The funny thing about advertising is that it’s not only controlled by what sort of content you’re looking at, it’s also controlled by what content you like to look at. It appears that I like half naked Latin women and gosh darn it their damned right, I’m all about half naked Latin women and therefore the ads on Frum Satire are filled with those brown beauties every time I log on to moderate spam or edit a post. It appears that my wife’s preferences are Muslim women, because she keeps getting an ad for the Muslim version of Frumster. Apparently some of the real frummy crowd who keeps asking me if I know about the hardcore pornographic dating ads on my site are into hardcore pornographic dating sites, but haven’t had enough shabbos meals in Silicone Valley to know about advertisers and their cookies schemes.
This reminds me of the time that Rabbo Orlofsky went on a rant in one his well attended Ohr Someyach shiurim about how his email inbox was filled with penis enlargement spam, it appears that spam may be directly related to your true desires and so to are the ads on my site. Obviously, I have tried to tell google that frum Jews are so sexually repressed that elbows and knees make them waste millions of sperm each year, but google just felt that meant I didn’t want any ads for for joint pain meds. In all honesty I got rid of many ads, but I can’t help it if you frummies visit dating sites too often. We should take this time to thank the Lord that frumster girls keep their clothing on…
The emails informing me about the smut on my own site are usually from new readers, because any old timer would know that I’m blocked in all filters because of the smut I write, especially my ongoing fascination with frum porn which eists but makes you want to puke.

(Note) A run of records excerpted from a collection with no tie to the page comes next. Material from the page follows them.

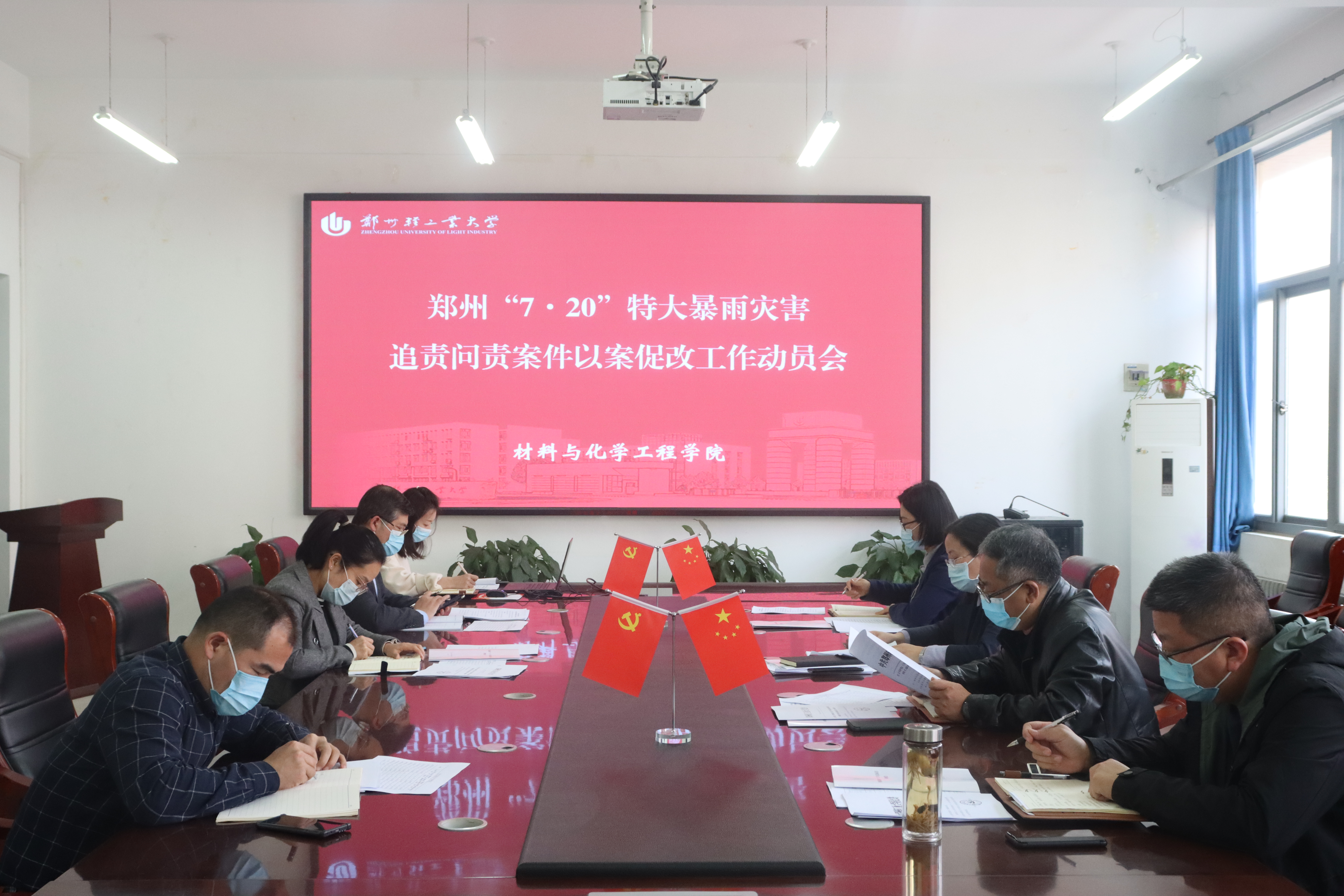 4月4日下午,材料与化学工程学院在化工楼222会议室召开郑州“7·20”特大暴雨灾害追责问责案件以案促改工作动员会,学院领导班子成员参加会议。会议由学院党委书记常亮主持。
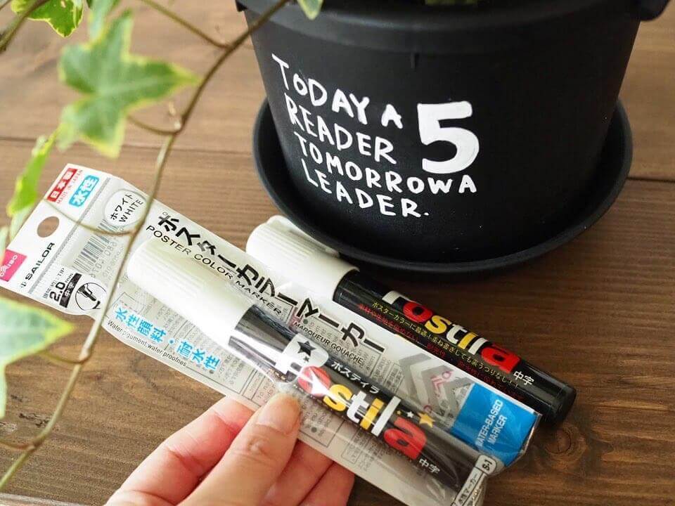 ダイソーで販売されている「ポスターカラーマーカー」のホワイトを使えば、とてもきれいな発色で黒い場所にも文字や絵を書くことができるんです♪
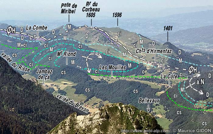 Elle constitue, sur la transversale de Habère-Lullin, le chaînon le plus occidental de ceux du domaine des "Médianes plastiques" (caractérisé par ses épaisses couches marno-calcaires du Dogger) ; il trouve son prolongement méridional (au sud-ouest d'Onnion) dans la montagne des Brasses et se poursuit structuralement vers le nord par ceux de rive gauche de la vallée de la Follaz (environs de Lullin).
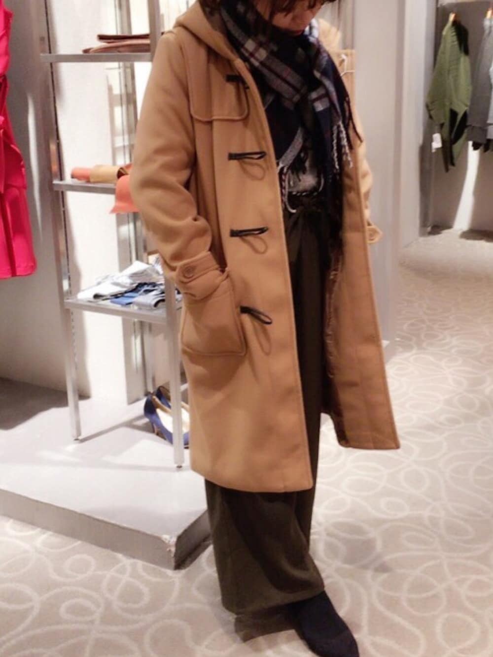 こんにちは ご覧いただきありがとうございます! この冬の定番アイテムにチェックストールをプラスした安定スタイリングです。 派手すぎず、地味すぎず、普段着のおしゃれを楽しんでくださいね。
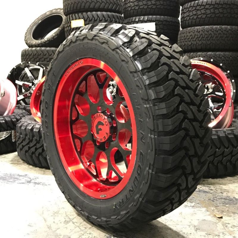 22x10 Custom Forgiato Wheels Brushed Red with Gloss Black (less than 1000 miles)

Anyway the latest email came in the form of:
I am simply curious, do you intend on a “frum blog” to run ads featuring women in bikinis or is it beyond your control?
The funny thing is that I find these facts funny enough to keep the ads up, maybe that’s why there aren’t as many trolls anymore. Those self righteous bastards see a little ervah and they run for the beis medrish, although if they were really frum their filter would have blocked me. So, I guess part of the fun of frum satire is going to a frum site and getting a little ervah into your life.